_Aim of the task_
Could you set down exactly the lines in the records below between the line holding "L'écluse sur le" and the line holding "Mexen Kevin granitový", inclusive?

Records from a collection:
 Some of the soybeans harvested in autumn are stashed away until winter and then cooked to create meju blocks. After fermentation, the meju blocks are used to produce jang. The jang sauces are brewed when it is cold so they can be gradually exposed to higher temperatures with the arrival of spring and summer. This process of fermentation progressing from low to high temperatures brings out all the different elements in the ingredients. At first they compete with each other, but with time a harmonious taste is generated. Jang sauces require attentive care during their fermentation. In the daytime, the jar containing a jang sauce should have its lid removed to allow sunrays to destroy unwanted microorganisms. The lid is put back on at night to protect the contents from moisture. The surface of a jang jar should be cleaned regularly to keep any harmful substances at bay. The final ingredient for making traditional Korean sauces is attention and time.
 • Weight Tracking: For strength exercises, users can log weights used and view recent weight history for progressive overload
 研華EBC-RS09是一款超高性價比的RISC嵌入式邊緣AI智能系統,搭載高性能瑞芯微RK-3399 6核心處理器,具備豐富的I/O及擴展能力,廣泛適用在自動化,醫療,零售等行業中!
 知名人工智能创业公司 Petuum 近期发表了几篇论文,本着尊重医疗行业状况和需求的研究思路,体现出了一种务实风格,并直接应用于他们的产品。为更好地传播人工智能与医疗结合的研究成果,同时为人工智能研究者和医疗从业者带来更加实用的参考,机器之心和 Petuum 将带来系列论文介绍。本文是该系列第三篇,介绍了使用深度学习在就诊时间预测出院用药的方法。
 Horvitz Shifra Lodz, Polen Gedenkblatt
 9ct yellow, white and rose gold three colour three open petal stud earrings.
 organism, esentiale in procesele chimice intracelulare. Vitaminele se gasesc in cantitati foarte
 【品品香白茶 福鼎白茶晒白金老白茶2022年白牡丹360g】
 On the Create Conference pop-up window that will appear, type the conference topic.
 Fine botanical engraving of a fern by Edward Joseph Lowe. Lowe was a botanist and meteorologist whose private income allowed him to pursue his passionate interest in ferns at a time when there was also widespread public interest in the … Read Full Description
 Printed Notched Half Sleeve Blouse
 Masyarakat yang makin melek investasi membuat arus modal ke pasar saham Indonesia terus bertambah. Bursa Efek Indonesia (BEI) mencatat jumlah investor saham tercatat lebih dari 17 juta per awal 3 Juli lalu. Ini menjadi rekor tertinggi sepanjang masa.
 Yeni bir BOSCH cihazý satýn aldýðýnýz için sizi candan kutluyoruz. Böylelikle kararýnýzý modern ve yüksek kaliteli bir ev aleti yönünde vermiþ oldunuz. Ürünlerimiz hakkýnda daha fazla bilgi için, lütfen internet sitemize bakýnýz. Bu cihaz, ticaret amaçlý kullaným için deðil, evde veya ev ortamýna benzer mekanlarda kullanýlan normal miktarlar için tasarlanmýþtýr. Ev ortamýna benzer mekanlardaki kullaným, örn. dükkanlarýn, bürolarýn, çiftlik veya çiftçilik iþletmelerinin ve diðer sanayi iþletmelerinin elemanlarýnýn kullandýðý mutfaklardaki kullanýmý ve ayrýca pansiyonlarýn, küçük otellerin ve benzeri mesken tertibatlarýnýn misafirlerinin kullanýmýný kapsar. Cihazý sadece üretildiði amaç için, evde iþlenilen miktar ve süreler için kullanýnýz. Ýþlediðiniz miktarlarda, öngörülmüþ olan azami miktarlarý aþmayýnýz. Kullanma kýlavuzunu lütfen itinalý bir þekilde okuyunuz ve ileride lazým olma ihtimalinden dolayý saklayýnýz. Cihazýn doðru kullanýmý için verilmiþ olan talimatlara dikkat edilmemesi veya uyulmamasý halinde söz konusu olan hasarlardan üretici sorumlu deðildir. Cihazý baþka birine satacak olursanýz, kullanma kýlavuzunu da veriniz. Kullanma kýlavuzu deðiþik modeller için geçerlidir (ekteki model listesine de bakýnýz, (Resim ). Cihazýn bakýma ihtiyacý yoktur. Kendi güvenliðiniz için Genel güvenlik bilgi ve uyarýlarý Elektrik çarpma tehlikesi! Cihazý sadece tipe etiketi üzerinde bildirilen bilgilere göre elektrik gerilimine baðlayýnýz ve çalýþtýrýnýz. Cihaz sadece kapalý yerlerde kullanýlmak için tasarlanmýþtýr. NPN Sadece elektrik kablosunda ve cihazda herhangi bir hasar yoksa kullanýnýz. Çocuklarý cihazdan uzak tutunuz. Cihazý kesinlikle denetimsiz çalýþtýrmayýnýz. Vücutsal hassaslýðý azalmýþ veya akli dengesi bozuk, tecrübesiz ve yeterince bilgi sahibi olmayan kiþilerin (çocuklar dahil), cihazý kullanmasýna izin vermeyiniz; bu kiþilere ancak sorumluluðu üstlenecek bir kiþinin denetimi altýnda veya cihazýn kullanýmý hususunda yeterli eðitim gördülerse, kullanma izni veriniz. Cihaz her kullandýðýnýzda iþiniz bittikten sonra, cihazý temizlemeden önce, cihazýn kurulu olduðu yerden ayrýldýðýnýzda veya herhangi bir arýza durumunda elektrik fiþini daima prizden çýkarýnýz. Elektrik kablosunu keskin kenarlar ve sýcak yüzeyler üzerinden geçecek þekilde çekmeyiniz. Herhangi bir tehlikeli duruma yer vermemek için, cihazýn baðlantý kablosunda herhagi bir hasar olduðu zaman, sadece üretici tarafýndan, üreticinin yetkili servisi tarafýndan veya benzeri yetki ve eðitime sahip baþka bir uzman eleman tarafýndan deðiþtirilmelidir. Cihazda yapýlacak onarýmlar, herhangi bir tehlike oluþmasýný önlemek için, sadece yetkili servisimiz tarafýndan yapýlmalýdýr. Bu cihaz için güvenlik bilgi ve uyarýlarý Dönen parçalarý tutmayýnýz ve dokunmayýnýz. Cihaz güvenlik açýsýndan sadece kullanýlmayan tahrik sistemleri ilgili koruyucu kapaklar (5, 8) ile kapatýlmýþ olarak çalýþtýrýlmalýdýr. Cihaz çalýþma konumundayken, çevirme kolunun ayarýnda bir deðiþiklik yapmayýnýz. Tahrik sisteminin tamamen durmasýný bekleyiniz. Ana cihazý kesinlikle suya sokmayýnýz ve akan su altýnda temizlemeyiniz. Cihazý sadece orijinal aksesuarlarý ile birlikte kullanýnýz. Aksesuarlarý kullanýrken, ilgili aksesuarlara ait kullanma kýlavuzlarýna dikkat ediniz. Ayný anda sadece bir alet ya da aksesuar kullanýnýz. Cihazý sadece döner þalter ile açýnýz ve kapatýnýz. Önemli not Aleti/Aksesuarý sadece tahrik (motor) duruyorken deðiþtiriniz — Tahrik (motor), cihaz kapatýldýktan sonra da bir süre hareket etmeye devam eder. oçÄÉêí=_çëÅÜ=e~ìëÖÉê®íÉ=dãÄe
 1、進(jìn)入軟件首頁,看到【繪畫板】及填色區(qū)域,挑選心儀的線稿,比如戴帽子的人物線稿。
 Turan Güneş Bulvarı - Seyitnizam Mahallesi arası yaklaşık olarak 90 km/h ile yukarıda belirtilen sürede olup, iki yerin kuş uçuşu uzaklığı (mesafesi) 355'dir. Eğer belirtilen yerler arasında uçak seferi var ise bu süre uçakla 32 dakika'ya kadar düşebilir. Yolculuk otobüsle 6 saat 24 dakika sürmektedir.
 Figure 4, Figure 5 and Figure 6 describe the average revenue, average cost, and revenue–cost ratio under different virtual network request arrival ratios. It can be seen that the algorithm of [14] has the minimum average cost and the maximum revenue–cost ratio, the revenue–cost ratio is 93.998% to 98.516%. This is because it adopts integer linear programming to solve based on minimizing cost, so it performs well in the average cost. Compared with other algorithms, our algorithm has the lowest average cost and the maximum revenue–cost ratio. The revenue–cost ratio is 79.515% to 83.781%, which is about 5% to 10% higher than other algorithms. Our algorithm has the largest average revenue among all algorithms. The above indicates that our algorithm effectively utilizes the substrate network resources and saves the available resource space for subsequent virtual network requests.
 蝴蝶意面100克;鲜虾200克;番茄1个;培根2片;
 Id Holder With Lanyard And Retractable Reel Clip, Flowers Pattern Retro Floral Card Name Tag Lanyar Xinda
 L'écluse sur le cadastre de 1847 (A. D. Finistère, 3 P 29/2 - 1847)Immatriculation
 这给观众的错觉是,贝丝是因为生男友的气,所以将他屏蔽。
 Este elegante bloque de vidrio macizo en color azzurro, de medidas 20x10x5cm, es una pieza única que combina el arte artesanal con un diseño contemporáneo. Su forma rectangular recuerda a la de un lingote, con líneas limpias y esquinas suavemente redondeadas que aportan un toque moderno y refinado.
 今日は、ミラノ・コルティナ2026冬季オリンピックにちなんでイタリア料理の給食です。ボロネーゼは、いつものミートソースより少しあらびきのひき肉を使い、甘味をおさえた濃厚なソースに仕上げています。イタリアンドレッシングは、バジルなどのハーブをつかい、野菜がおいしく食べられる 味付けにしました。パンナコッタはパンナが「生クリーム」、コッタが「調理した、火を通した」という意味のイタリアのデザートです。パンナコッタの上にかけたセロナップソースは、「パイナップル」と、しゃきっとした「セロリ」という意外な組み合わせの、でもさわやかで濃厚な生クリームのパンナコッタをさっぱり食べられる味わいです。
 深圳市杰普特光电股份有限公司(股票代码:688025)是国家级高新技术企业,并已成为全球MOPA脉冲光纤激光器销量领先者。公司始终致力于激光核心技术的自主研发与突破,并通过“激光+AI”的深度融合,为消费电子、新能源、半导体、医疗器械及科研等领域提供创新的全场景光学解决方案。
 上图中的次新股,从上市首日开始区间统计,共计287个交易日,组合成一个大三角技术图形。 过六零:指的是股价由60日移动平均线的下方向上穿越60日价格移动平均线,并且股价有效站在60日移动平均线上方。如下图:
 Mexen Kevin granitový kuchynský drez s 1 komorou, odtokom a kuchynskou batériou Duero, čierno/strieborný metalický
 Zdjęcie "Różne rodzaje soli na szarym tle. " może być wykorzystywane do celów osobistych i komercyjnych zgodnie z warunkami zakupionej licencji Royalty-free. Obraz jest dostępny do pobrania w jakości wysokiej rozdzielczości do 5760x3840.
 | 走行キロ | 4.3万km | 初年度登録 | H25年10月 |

_Written answer_
 L'écluse sur le cadastre de 1847 (A. D. Finistère, 3 P 29/2 - 1847)Immatriculation
 这给观众的错觉是,贝丝是因为生男友的气,所以将他屏蔽。
 Este elegante bloque de vidrio macizo en color azzurro, de medidas 20x10x5cm, es una pieza única que combina el arte artesanal con un diseño contemporáneo. Su forma rectangular recuerda a la de un lingote, con líneas limpias y esquinas suavemente redondeadas que aportan un toque moderno y refinado.
 今日は、ミラノ・コルティナ2026冬季オリンピックにちなんでイタリア料理の給食です。ボロネーゼは、いつものミートソースより少しあらびきのひき肉を使い、甘味をおさえた濃厚なソースに仕上げています。イタリアンドレッシングは、バジルなどのハーブをつかい、野菜がおいしく食べられる 味付けにしました。パンナコッタはパンナが「生クリーム」、コッタが「調理した、火を通した」という意味のイタリアのデザートです。パンナコッタの上にかけたセロナップソースは、「パイナップル」と、しゃきっとした「セロリ」という意外な組み合わせの、でもさわやかで濃厚な生クリームのパンナコッタをさっぱり食べられる味わいです。
 深圳市杰普特光电股份有限公司(股票代码:688025)是国家级高新技术企业,并已成为全球MOPA脉冲光纤激光器销量领先者。公司始终致力于激光核心技术的自主研发与突破,并通过“激光+AI”的深度融合,为消费电子、新能源、半导体、医疗器械及科研等领域提供创新的全场景光学解决方案。
 上图中的次新股,从上市首日开始区间统计,共计287个交易日,组合成一个大三角技术图形。 过六零:指的是股价由60日移动平均线的下方向上穿越60日价格移动平均线,并且股价有效站在60日移动平均线上方。如下图:
 Mexen Kevin granitový kuchynský drez s 1 komorou, odtokom a kuchynskou batériou Duero, čierno/strieborný metalický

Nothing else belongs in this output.